More details about the createMbac function can be found in ARSyNbac input data Section. Note that we do not need to indicate which is the common omic (in commonOmic argument) since there is only one omic in common (RNA) for all the batches (labs) and the function detects it as the common omic.

3.4 MultiBaC correction

Once the mbac object has been created with the createMbac function, it is used as the input data for MultiBaC function (mbac argument), which is the wrapper function for correction of multiomic batch effects.

MultiBaC (mbac,
          test.comp = NULL, scale = FALSE, 
          center = TRUE, crossval = NULL, 
          Interaction = FALSE,
          Variability = 0.90,
          showplot = TRUE,
          showinfo = TRUE)

The arguments of the MultiBaC function correspond to the different steps of the MultiBaC method:

  • mbac: mbac object generated by createMbac.
  • test.comp: Maximum number of components allowed for PLS models. If NULL (default), the minimal effective rank of the matrices is used as the maximum number of components.
  • scale: Logical. Whether X and Y matrices must be scaled. By default, FALSE.
  • center: Logical. Whether X and Y matrices must be centered. By default, TRUE.
  • crossval: Integer: number of cross-validation segments. The number of samples (rows of ‘x’) must be at least >= crossvalI. If NULL (default), a leave-one-out crossvalidation is performed.
  • Interaction: Logical. Whether to model the interaction between experimental factors and bacth factor in ARSyN models. By default, FALSE.
  • Variability: From 0 to 1. Minimum percent of data variability that must be explained for each ARSyN model. By default, 0.90.
  • showplot: Logical. If TRUE (default), the Q2 and the explained variance plots are shown.
  • showinfo: Logical. If TRUE (default), the information about the function progress is shown.

The usage of MultiBaC function on the yeast example data is shown bellow:

my_final_mbac <- MultiBaC (my_mbac,
                        test.comp = NULL, scale = FALSE, 
                        center = TRUE, crossval = NULL, 
                        Interaction = TRUE,
                        Variability = 0.9,
                        showplot = TRUE,
                        showinfo = TRUE)
## Step 1: Create PLS models
##   - Model for batch A
##   - Model for batch B
##   - Model for batch C
## Step 2: Generating missing omics
## Step 3: Batch effect correction using ARSyNbac
## [1] "Table: Inner correlation between scores for each PLS model computed."
## 
## 
##                    A: GRO     B: RIBO      C: PAR
## -------------  ----------  ----------  ----------
## Component: 1    0.9471967   0.9987790   0.9396986
## Component: 2    0.9277123   0.9991239   0.9998556
## Component: 3    0.9992129   1.0000000   1.0000000
## Component: 4    0.9999867          NA          NA
## Component: 5    1.0000000          NA          NA
Q2 and explained variance plots. Q2 plot (left) shows the number ob components (x) needed to reach a certain Q2 value (y). The number of components selected for each model is indicated with a triangle symbol. Gray dashed line indicates the 0.7 Q2 threshold. Explained variance plot (right) represents the number of components (x) needed to explain a certain varibility (y) of the effect of interest (batch effect). The number of components selected for each model is indicated with a triangle symbol. Gray dashed line indicates the Variability argument in percentage.
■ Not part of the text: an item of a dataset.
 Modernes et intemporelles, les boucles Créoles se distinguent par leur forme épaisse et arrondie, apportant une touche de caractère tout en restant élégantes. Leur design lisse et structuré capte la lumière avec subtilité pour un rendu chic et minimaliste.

Figure 7: Q2 and explained variance plots
Q2 plot (left) shows the number ob components (x) needed to reach a certain Q2 value (y). The number of components selected for each model is indicated with a triangle symbol. Gray dashed line indicates the 0.7 Q2 threshold. Explained variance plot (right) represents the number of components (x) needed to explain a certain varibility (y) of the effect of interest (batch effect). The number of components selected for each model is indicated with a triangle symbol. Gray dashed line indicates the Variability argument in percentage.
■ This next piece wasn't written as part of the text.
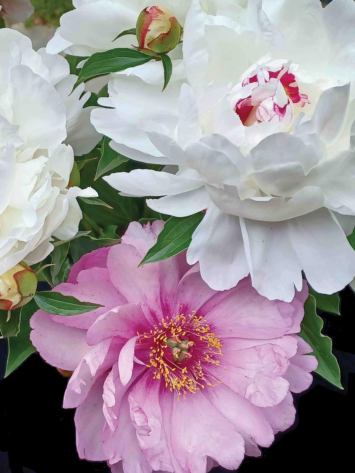 A Festiva Maxima peony blooms with a pink Itoh peony. Photo by Judith Canty Graves

By default (showinfo = TRUE), the table containing the inner correlations of PLS models is displayed in propmt. Moreover, the default plots (showplot = TRUE) are “Q2 plot” and “Explained variance plot” (see Figure 7), which contain important information about MultiBaC performance. The “Q2 plot” represents the PLS model prediction capability given by the \(Q^2\) score. The x axis indicates the number of components extracted for the PLS models and the y axis the \(Q^2\) value. The performance of the MultiBaC method will be better for higher \(Q^2\) values, since a high \(Q^2\) indicates a good PLS prediction of the missing omics and hence will result in a better estimation of the batch effect. Note that, depending on the rank of the matrices, each PLS model could have a different maximum number of components. The “Explained variance plot” provides the batch effect related variability explained using the ASCA decomposition that ARSyN method provides. The x axis indicates the number of components extracted for the ASCA model and y axis reflects the percentage of explained variance. In this case, a higher explained variance leads to a better batch effect estimation. In both plots, the number of components selected for each model is indicated with a triangule symbol. In the “Q2 plot”, the selected number of components is the one that maximize the Q2 value while in the “Explained variance plot”, this number is the minimum number of components that reaches a explained variability (y axis) higher than the Variability argument of the function (gray dashed line).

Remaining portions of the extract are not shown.